Sweet comforting reassurances cascade: everything is alright, there is no need to worry, to be doubtful.  Look at all that is happening, with a flourish, and in the swiftest surest rush.  All are included, none will be left out.  Let there be trust, understanding, acceptance.  There is, and it overwhelms everything else.  Well, almost everything, but not everyone.  There are those who are troubled in the spirit and agitated to their souls. In too many, there is still that gnawing something that we must not forget, that will not make us forget.  Remember that solitary sound that pierced the still of the night apart?

Well, it is not going away.  It is going somewhere in the ether of blankness where some desire it to take up eternal residence.  Except that it won’t.  It nags and gnaws, stirs and troubles.  Oh, but only those who care about these things, have the honesty to look at God in the eye and say: what is going on here?  Why is this so, Master?  Now it takes a lot of courage to do something like that, but some actually do.  I do.  It may sound strange, but I urge others to try it sometime, it is catharsis for the soul, it flushes the intellect with truth, rinses the conscience towards wisdom.  The results are hearty and worth more than a lot of money.  It is called simple decency and human dignity, those silly little things that don’t matter anymore in this great society called Guyana.  In sum, that troublesome thorn in the flesh that plague some special few.  They put a name on it: integrity.

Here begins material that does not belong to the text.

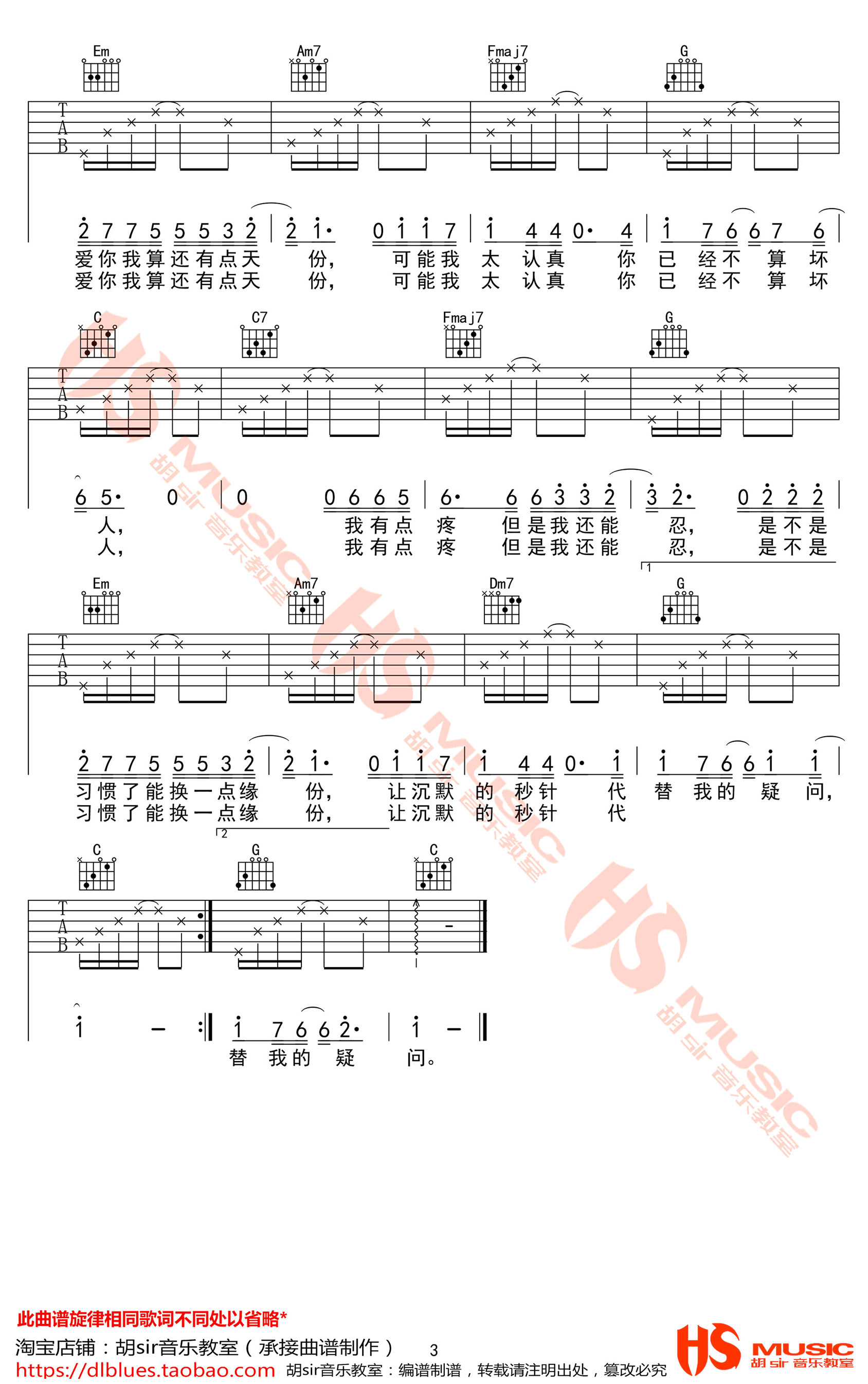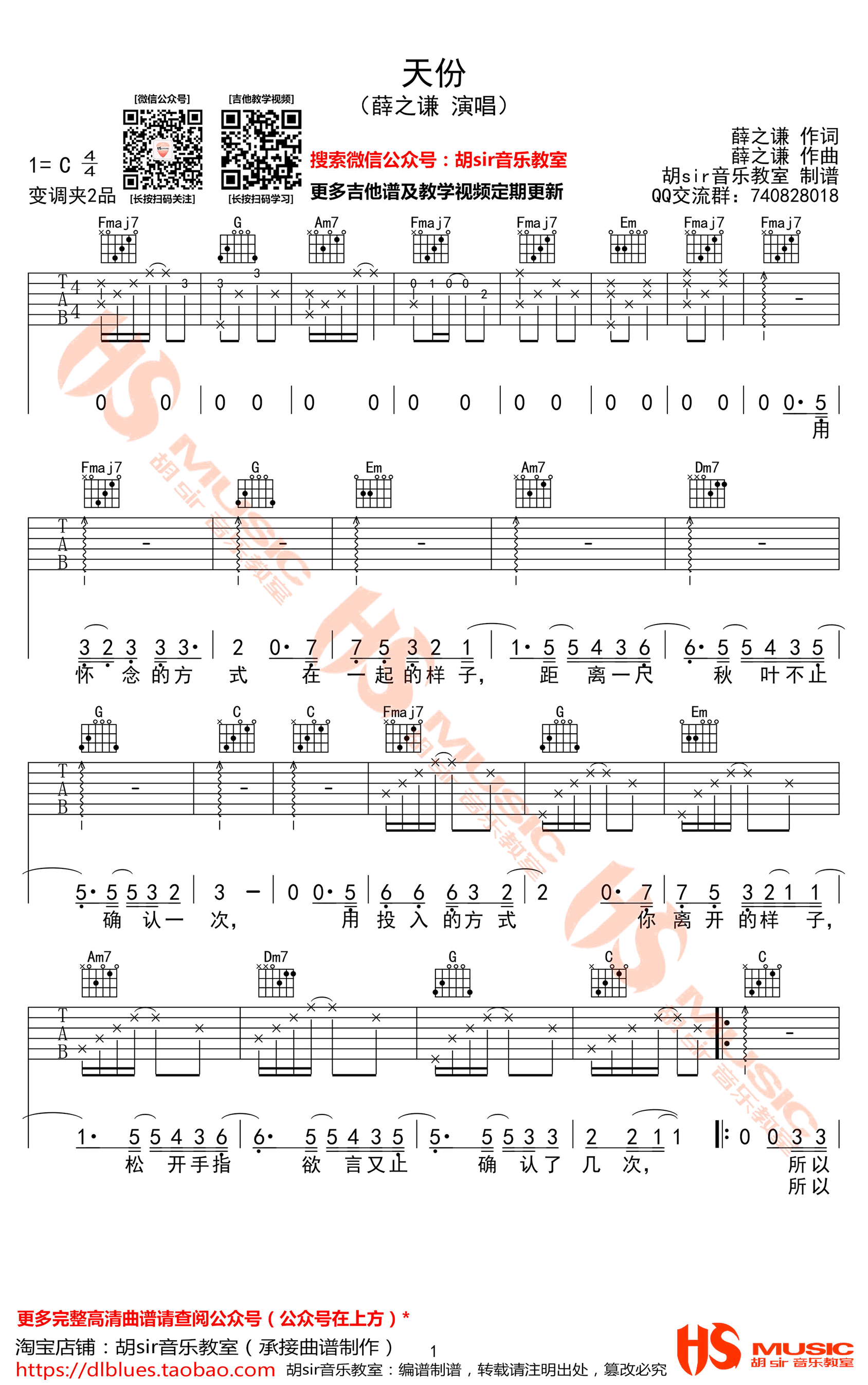曲谱介绍: 天份吉他谱,薛之谦演唱的新歌,绵延平淡,却暗流涌动。天份吉他弹唱谱,C调六线谱,变调夹夹二品,高清图片谱。感谢胡sir编配分享,91吉他谱网站推荐上传。 薛之谦在《无限歌谣季》中即兴创作的寥寥数句现在终于推出了完整成品。我们都在爱情里少一点天份,所以才跌跌撞撞满身伤痕。希望每个人都有天份,找到那个对的人。

Do we still have that around here anymore?  There is the Office of the President.  It makes one wonder….  The same tearing and invading and tingling searching covers the whole body: the Guyana Police Force, the Director of Public Prosecutions’ Office, the Integrity Commission (bless the name and stone the crows), the independent media?  What about integrity and honor in civil society?  So why are our individual and collective consciences not screaming in tortured agony?

That sound in the now rapidly fading night will not let go, but shake like a wet, ragged dog.  Misery results.  Remember that sound?  It reaches with a ghostly finger and touches us.  For the true democracy minded in Guyana a chill bringing shivering is left in its wake.  The red dawn comes.  The echoes recede, save for one tinny sliver of sound.  It is a of a new widow.  The first sound, the one that rent the night apart was that of a man dying, then dead.  Gone just like that, in a flash.  Now there are only the sounds of silence reigning supremely.  It’s a lovely, truly unholy democracy, isn’t it?  By the way, that single nocturnal rupture and rapture, was the sound of a gun firing.  And the place goes by the Moors of Dartmouth.  Breathe, Guyana, breathe.  And then think.  Oh, just in case some Guyanese are interested, the man had a name when he was alive.  It was Orin Boston.  And the place goes by the Moors of Dartmouth.